Pour échapper à la prison, il a choisi la fuite et la clandestinité : « C’est quand même ironique, j’essaie de fuir l’Égypte depuis six ans, j’ai déménagé d’un endroit à un autre 14 fois, j’ai vécu seul tout ce temps, et je ne quitte pas la maison sauf si nécessaire. Je fais tout ça parce que je ne veux pas aller en prison », déplorait-il dans une vidéo publiée en juin 2024. L’activiste y annonçait à ses soutiens, le cœur lourd, sa condamnation à cinq ans d’incarcération supplémentaires. « Honnêtement, je ne sais plus quoi faire. Je suis seul, je suis attaqué de toute part. La douleur augmente, l’étau se resserre, et je ne trouve pas d’issue. Mais c’est ainsi. Je peux tenir un peu plus longtemps », se confiait-il.

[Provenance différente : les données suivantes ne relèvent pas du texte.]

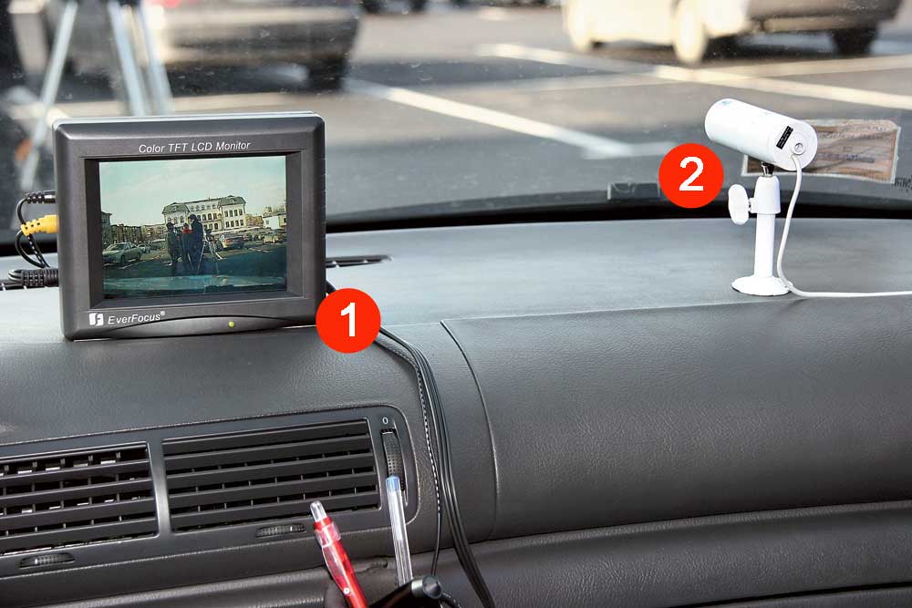 На мониторе (1) водителю можно будет продемонстрировать сам факт «прегрешения». Камера (2) комплекса системы видеонаблюдения – поворотная, что позволяет фиксировать нарушения под любым углом зрения. | В Украине радары с монитором, на который можно вывести фото- или видеофакт нарушения, применяются впервые. |
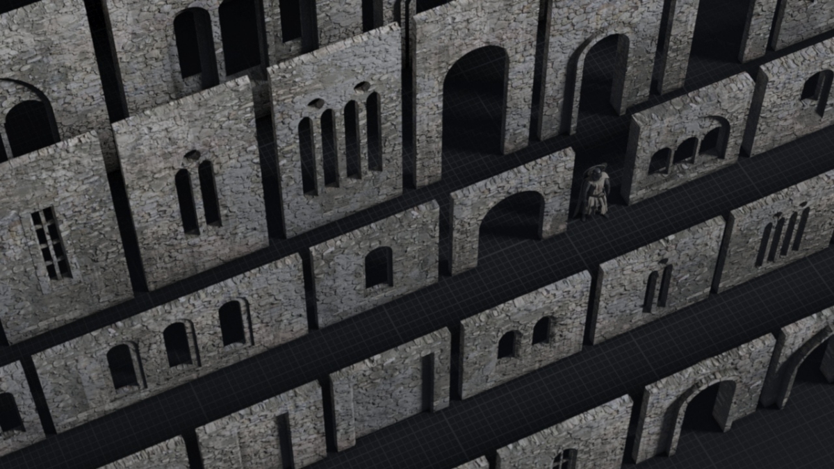 中世の街並みを彷彿とさせる、石でできた建造物の壁のモデルをまとめたモジュラー式アセットです。48種類のメッシュを収録しており、7種類のテクスチャが付属しています。
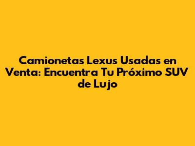 Si estás buscando un SUV de lujo que combine fiabilidad, rendimiento y un diseño elegante, entonces las camionetas Lexus usadas son definitivamente una opción que deberías considerar. Lexus, la marca de lujo de Toyota, se ha ganado una reputación mundial por construir vehículos excepcionales que duran y ofrecen una experiencia de conducción premium sin romper el banco. Comprar una Lexus usada no solo te permite acceder a un vehículo de alta gama a un precio más asequible, sino que también te beneficias de la legendaria ingeniería y calidad de construcción que caracteriza a esta marca. En este artículo, vamos a sumergirnos en todo lo que necesitas saber si estás pensando en comprar una camioneta Lexus de segunda mano. Desde los modelos más populares hasta consejos clave para hacer una compra inteligente, te guiaremos en cada paso del camino. Así que, ¡abróchate el cinturón y prepárate para descubrir por qué una Lexus usada podría ser la joya que tu garaje está esperando!

Au-delà du débat sur l’athéisme, l’affaire du film Al-Molhid ouvre un nouveau front dans le combat pour la liberté d’expression en Égypte. Face à la polémique, le réalisateur Mohamed El-Adl s’est insurgé sur son compte Facebook : « L’interdiction n’est pas la solution ! ». Tandis que le scénariste Ibrahim Issa répondait à ses détracteurs avec philosophie :
Qu’a fait Naguib Mahfouz lorsque son roman Les Fils de la Médina a été interdit ? Il a écrit un nouveau roman […] qui n’a cessé d’être lu de génération en génération, et ses mots ont été immortalisés dans les consciences. L’art est plus fort que les interdictions, les balles et même la mort. L’artiste meurt mais l’art reste.